RECORDED INFORMATION —
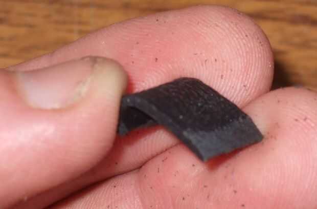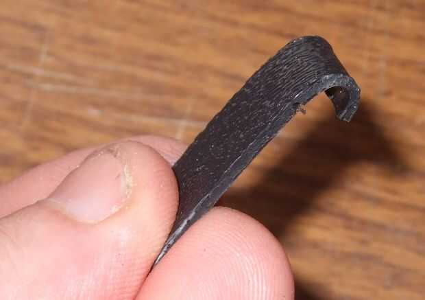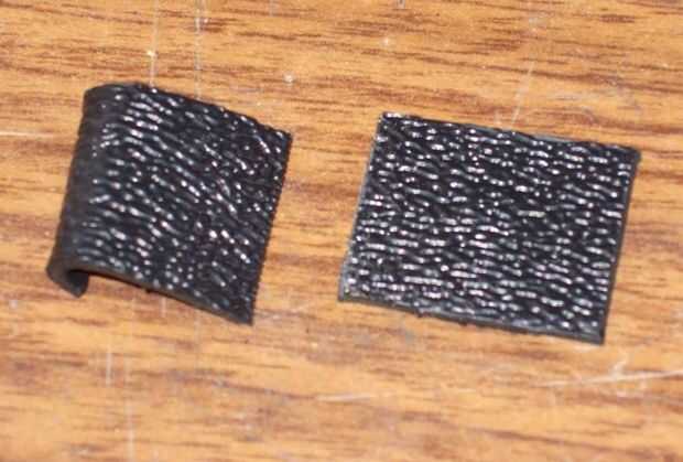 Entonces calienta la pequeña tira de plástico con una pistola de calor (textura hacia abajo) hasta que comenzó a rizar.
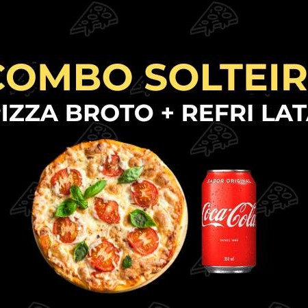 Combo de pizza broto tradicional + refri lata 350ml. *Pizza de 25cm de diâmetro e refrigerante lata de 350ml.
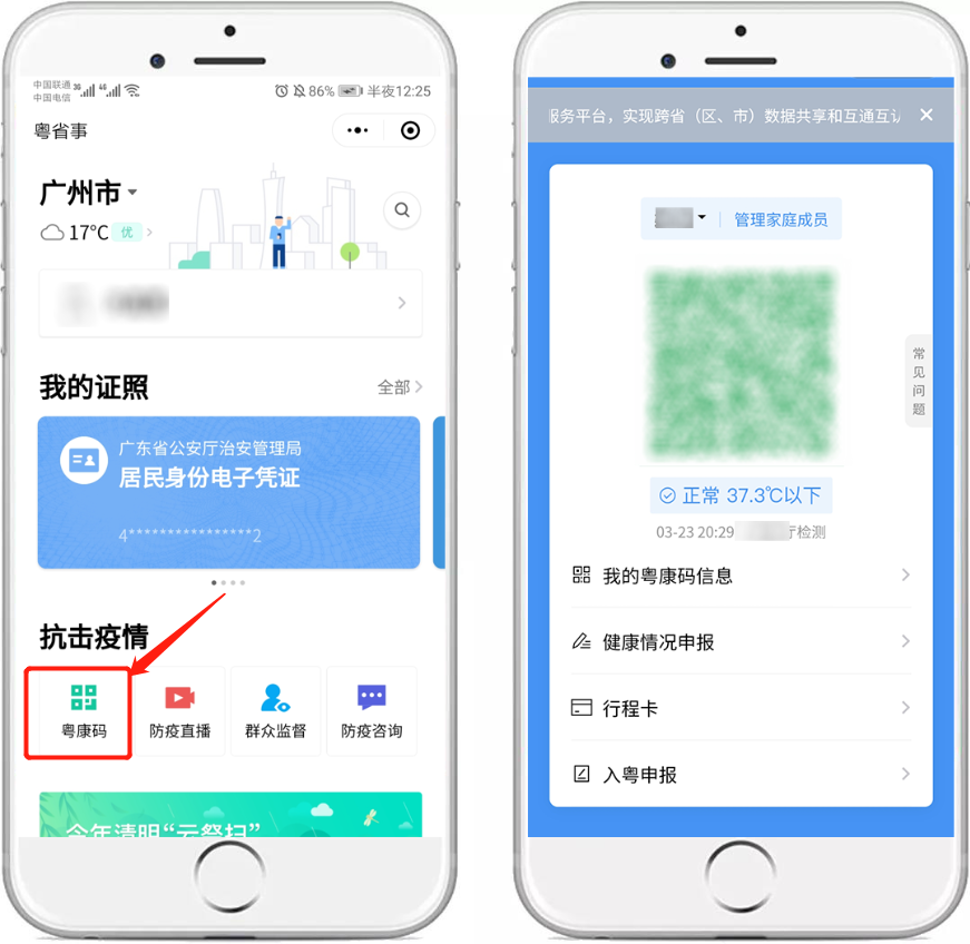 微信搜索“粤省事”小程序,在首页从“粤康码”服务入口进入。

TASK ITEM — A faithful transcription of the material, with no pictures, is the expected result.

WRITTEN REPLY —
 Entonces calienta la pequeña tira de plástico con una pistola de calor (textura hacia abajo) hasta que comenzó a rizar.
 Combo de pizza broto tradicional + refri lata 350ml. *Pizza de 25cm de diâmetro e refrigerante lata de 350ml.
 微信搜索“粤省事”小程序,在首页从“粤康码”服务入口进入。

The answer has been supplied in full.